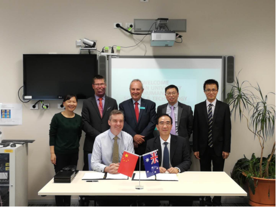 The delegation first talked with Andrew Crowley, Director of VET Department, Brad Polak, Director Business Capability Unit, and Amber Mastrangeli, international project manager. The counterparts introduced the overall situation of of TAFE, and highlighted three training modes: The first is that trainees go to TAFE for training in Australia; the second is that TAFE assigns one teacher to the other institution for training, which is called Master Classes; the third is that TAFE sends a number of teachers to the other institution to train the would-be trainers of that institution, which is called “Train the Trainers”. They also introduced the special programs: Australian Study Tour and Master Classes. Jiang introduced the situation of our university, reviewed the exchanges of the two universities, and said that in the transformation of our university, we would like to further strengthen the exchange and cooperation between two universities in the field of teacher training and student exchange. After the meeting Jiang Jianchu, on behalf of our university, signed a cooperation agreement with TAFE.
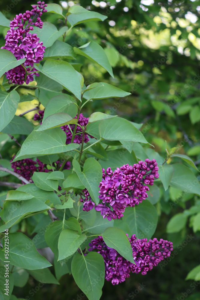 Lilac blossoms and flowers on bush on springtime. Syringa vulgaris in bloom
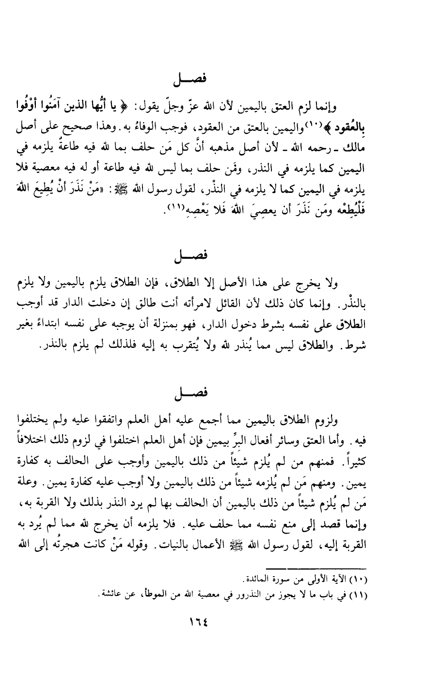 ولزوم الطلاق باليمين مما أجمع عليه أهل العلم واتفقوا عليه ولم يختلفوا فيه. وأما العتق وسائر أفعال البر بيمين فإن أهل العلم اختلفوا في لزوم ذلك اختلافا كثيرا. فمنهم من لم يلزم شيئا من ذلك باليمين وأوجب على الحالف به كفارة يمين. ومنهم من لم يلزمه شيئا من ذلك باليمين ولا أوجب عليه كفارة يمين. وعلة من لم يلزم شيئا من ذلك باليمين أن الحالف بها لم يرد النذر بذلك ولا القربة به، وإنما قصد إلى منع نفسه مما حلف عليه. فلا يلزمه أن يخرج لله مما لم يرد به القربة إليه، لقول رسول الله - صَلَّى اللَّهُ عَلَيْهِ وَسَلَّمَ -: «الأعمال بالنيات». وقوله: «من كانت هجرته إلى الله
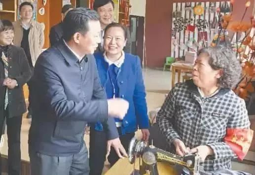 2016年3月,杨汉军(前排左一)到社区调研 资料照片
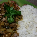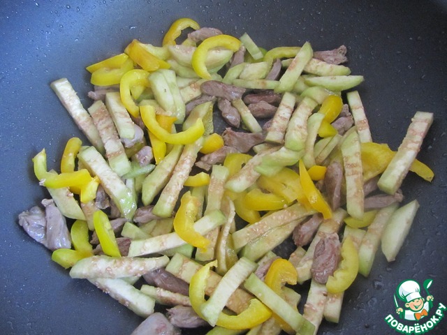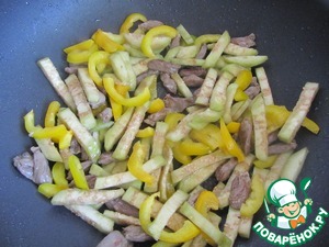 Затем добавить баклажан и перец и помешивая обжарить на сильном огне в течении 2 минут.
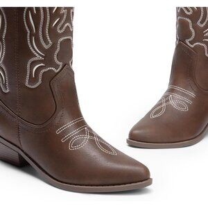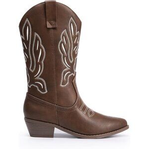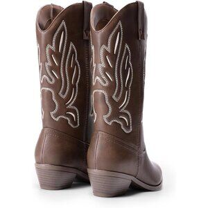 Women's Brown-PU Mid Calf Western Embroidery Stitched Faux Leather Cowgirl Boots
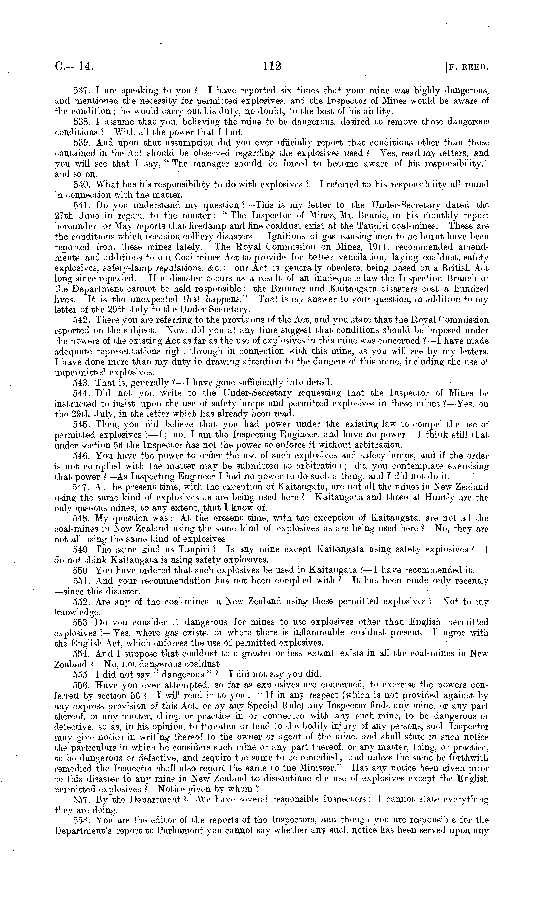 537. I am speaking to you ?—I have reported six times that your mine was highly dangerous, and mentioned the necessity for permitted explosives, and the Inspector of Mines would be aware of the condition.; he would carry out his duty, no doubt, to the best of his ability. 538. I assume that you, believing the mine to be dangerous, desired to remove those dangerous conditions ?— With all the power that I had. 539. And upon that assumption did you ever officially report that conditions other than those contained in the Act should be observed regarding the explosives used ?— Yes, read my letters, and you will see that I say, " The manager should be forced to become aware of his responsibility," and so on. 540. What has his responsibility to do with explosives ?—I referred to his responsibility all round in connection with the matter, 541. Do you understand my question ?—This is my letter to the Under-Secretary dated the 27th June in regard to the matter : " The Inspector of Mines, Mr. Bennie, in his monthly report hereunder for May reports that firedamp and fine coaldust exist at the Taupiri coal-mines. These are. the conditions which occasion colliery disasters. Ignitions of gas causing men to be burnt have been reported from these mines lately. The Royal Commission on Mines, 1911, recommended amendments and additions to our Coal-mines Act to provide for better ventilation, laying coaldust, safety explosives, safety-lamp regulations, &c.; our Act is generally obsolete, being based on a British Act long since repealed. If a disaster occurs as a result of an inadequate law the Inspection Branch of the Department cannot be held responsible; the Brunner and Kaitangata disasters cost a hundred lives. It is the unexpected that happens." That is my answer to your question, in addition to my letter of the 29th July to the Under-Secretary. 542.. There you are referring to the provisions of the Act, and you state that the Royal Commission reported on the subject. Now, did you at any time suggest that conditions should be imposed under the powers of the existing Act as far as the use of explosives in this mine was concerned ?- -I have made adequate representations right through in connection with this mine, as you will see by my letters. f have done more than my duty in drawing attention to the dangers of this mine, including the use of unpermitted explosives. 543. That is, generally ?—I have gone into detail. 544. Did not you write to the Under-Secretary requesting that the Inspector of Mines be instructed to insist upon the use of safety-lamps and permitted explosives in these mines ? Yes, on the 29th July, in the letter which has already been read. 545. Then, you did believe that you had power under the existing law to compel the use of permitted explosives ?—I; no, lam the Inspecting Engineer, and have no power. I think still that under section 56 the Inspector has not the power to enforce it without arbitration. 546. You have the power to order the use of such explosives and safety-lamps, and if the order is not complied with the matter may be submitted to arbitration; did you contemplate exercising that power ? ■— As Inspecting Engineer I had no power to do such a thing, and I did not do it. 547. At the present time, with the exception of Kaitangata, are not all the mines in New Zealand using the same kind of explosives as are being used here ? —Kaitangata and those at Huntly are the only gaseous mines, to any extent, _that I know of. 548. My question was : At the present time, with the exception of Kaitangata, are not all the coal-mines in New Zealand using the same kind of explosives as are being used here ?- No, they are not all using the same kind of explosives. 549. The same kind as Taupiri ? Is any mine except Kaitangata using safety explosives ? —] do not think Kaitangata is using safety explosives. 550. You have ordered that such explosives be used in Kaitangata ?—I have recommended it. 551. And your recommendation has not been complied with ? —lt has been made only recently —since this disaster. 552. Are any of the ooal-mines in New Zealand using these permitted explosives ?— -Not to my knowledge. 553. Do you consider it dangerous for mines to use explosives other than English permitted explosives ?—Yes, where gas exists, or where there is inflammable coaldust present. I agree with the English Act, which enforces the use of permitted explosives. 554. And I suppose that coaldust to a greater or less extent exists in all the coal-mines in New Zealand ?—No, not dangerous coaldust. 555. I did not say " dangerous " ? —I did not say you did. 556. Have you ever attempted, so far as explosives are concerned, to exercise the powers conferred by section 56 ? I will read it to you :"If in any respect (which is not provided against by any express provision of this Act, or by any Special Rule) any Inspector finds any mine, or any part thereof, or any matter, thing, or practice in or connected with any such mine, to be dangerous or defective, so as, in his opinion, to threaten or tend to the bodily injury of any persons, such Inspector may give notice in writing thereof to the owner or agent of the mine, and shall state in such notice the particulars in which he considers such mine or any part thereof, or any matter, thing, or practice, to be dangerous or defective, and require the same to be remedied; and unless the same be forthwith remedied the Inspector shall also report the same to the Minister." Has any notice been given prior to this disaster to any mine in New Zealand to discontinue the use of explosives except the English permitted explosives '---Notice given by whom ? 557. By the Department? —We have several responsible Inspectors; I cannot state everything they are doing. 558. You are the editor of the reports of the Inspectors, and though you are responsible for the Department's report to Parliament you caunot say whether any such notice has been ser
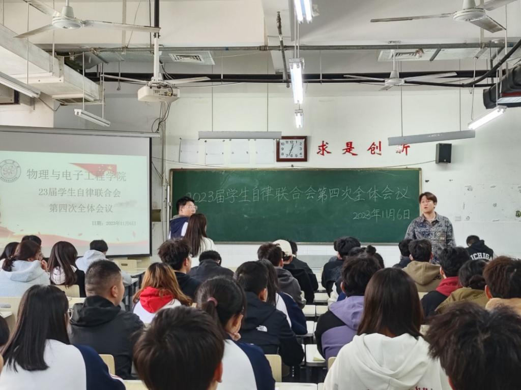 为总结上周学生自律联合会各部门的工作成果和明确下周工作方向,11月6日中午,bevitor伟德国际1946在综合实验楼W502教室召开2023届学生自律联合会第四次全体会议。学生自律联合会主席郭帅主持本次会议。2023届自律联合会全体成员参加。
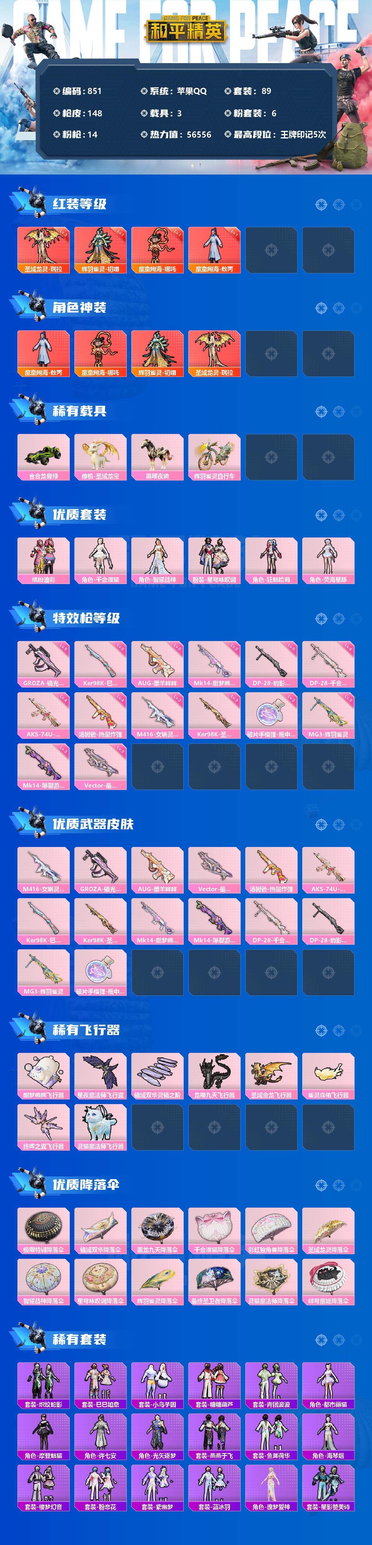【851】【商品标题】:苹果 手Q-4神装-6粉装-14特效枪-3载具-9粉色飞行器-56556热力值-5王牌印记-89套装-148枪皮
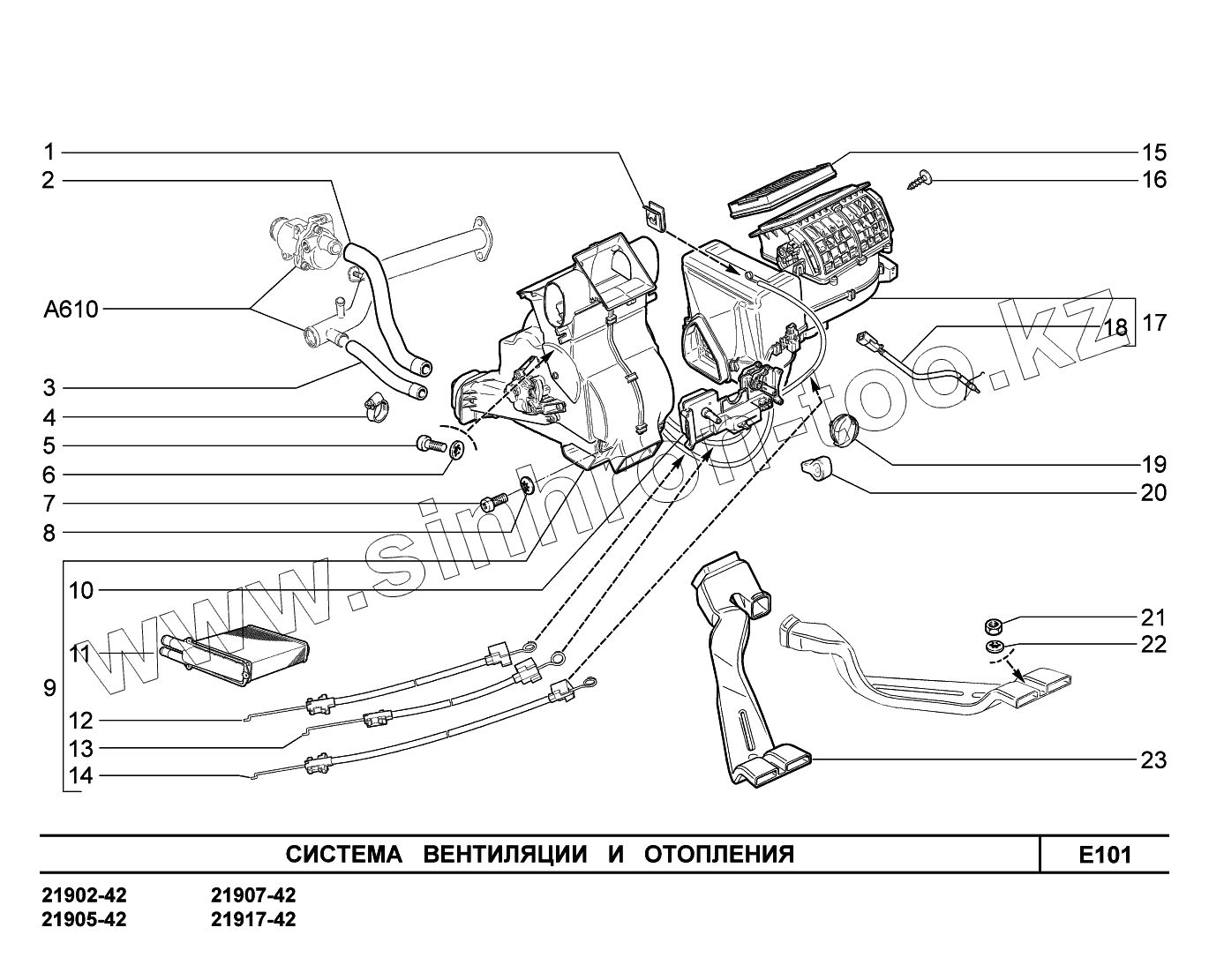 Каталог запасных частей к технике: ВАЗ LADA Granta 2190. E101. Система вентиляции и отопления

Task directions: Restate every record above word for word, without images.

Exercise solution:
 The delegation first talked with Andrew Crowley, Director of VET Department, Brad Polak, Director Business Capability Unit, and Amber Mastrangeli, international project manager. The counterparts introduced the overall situation of of TAFE, and highlighted three training modes: The first is that trainees go to TAFE for training in Australia; the second is that TAFE assigns one teacher to the other institution for training, which is called Master Classes; the third is that TAFE sends a number of teachers to the other institution to train the would-be trainers of that institution, which is called “Train the Trainers”. They also introduced the special programs: Australian Study Tour and Master Classes. Jiang introduced the situation of our university, reviewed the exchanges of the two universities, and said that in the transformation of our university, we would like to further strengthen the exchange and cooperation between two universities in the field of teacher training and student exchange. After the meeting Jiang Jianchu, on behalf of our university, signed a cooperation agreement with TAFE.
 Lilac blossoms and flowers on bush on springtime. Syringa vulgaris in bloom
 ولزوم الطلاق باليمين مما أجمع عليه أهل العلم واتفقوا عليه ولم يختلفوا فيه. وأما العتق وسائر أفعال البر بيمين فإن أهل العلم اختلفوا في لزوم ذلك اختلافا كثيرا. فمنهم من لم يلزم شيئا من ذلك باليمين وأوجب على الحالف به كفارة يمين. ومنهم من لم يلزمه شيئا من ذلك باليمين ولا أوجب عليه كفارة يمين. وعلة من لم يلزم شيئا من ذلك باليمين أن الحالف بها لم يرد النذر بذلك ولا القربة به، وإنما قصد إلى منع نفسه مما حلف عليه. فلا يلزمه أن يخرج لله مما لم يرد به القربة إليه، لقول رسول الله - صَلَّى اللَّهُ عَلَيْهِ وَسَلَّمَ -: «الأعمال بالنيات». وقوله: «من كانت هجرته إلى الله
 2016年3月,杨汉军(前排左一)到社区调研 资料照片
 Затем добавить баклажан и перец и помешивая обжарить на сильном огне в течении 2 минут.
 Women's Brown-PU Mid Calf Western Embroidery Stitched Faux Leather Cowgirl Boots
 537. I am speaking to you ?—I have reported six times that your mine was highly dangerous, and mentioned the necessity for permitted explosives, and the Inspector of Mines would be aware of the condition.; he would carry out his duty, no doubt, to the best of his ability. 538. I assume that you, believing the mine to be dangerous, desired to remove those dangerous conditions ?— With all the power that I had. 539. And upon that assumption did you ever officially report that conditions other than those contained in the Act should be observed regarding the explosives used ?— Yes, read my letters, and you will see that I say, " The manager should be forced to become aware of his responsibility," and so on. 540. What has his responsibility to do with explosives ?—I referred to his responsibility all round in connection with the matter, 541. Do you understand my question ?—This is my letter to the Under-Secretary dated the 27th June in regard to the matter : " The Inspector of Mines, Mr. Bennie, in his monthly report hereunder for May reports that firedamp and fine coaldust exist at the Taupiri coal-mines. These are. the conditions which occasion colliery disasters. Ignitions of gas causing men to be burnt have been reported from these mines lately. The Royal Commission on Mines, 1911, recommended amendments and additions to our Coal-mines Act to provide for better ventilation, laying coaldust, safety explosives, safety-lamp regulations, &c.; our Act is generally obsolete, being based on a British Act long since repealed. If a disaster occurs as a result of an inadequate law the Inspection Branch of the Department cannot be held responsible; the Brunner and Kaitangata disasters cost a hundred lives. It is the unexpected that happens." That is my answer to your question, in addition to my letter of the 29th July to the Under-Secretary. 542.. There you are referring to the provisions of the Act, and you state that the Royal Commission reported on the subject. Now, did you at any time suggest that conditions should be imposed under the powers of the existing Act as far as the use of explosives in this mine was concerned ?- -I have made adequate representations right through in connection with this mine, as you will see by my letters. f have done more than my duty in drawing attention to the dangers of this mine, including the use of unpermitted explosives. 543. That is, generally ?—I have gone into detail. 544. Did not you write to the Under-Secretary requesting that the Inspector of Mines be instructed to insist upon the use of safety-lamps and permitted explosives in these mines ? Yes, on the 29th July, in the letter which has already been read. 545. Then, you did believe that you had power under the existing law to compel the use of permitted explosives ?—I; no, lam the Inspecting Engineer, and have no power. I think still that under section 56 the Inspector has not the power to enforce it without arbitration. 546. You have the power to order the use of such explosives and safety-lamps, and if the order is not complied with the matter may be submitted to arbitration; did you contemplate exercising that power ? ■— As Inspecting Engineer I had no power to do such a thing, and I did not do it. 547. At the present time, with the exception of Kaitangata, are not all the mines in New Zealand using the same kind of explosives as are being used here ? —Kaitangata and those at Huntly are the only gaseous mines, to any extent, _that I know of. 548. My question was : At the present time, with the exception of Kaitangata, are not all the coal-mines in New Zealand using the same kind of explosives as are being used here ?- No, they are not all using the same kind of explosives. 549. The same kind as Taupiri ? Is any mine except Kaitangata using safety explosives ? —] do not think Kaitangata is using safety explosives. 550. You have ordered that such explosives be used in Kaitangata ?—I have recommended it. 551. And your recommendation has not been complied with ? —lt has been made only recently —since this disaster. 552. Are any of the ooal-mines in New Zealand using these permitted explosives ?— -Not to my knowledge. 553. Do you consider it dangerous for mines to use explosives other than English permitted explosives ?—Yes, where gas exists, or where there is inflammable coaldust present. I agree with the English Act, which enforces the use of permitted explosives. 554. And I suppose that coaldust to a greater or less extent exists in all the coal-mines in New Zealand ?—No, not dangerous coaldust. 555. I did not say " dangerous " ? —I did not say you did. 556. Have you ever attempted, so far as explosives are concerned, to exercise the powers conferred by section 56 ? I will read it to you :"If in any respect (which is not provided against by any express provision of this Act, or by any Special Rule) any Inspector finds any mine, or any part thereof, or any matter, thing, or practice in or connected with any such mine, to be dangerous or defective, so as, in his opinion, to threaten or tend to the bodily injury of any persons, such Inspector may give notice in writing thereof to the owner or agent of the mine, and shall state in such notice the particulars in which he considers such mine or any part thereof, or any matter, thing, or practice, to be dangerous or defective, and require the same to be remedied; and unless the same be forthwith remedied the Inspector shall also report the same to the Minister." Has any notice been given prior to this disaster to any mine in New Zealand to discontinue the use of explosives except the English permitted explosives '---Notice given by whom ? 557. By the Department? —We have several responsible Inspectors; I cannot state everything they are doing. 558. You are the editor of the reports of the Inspectors, and though you are responsible for the Department's report to Parliament you caunot say whether any such notice has been ser
 为总结上周学生自律联合会各部门的工作成果和明确下周工作方向,11月6日中午,bevitor伟德国际1946在综合实验楼W502教室召开2023届学生自律联合会第四次全体会议。学生自律联合会主席郭帅主持本次会议。2023届自律联合会全体成员参加。
【851】【商品标题】:苹果 手Q-4神装-6粉装-14特效枪-3载具-9粉色飞行器-56556热力值-5王牌印记-89套装-148枪皮
 Каталог запасных частей к технике: ВАЗ LADA Granta 2190. E101. Система вентиляции и отопления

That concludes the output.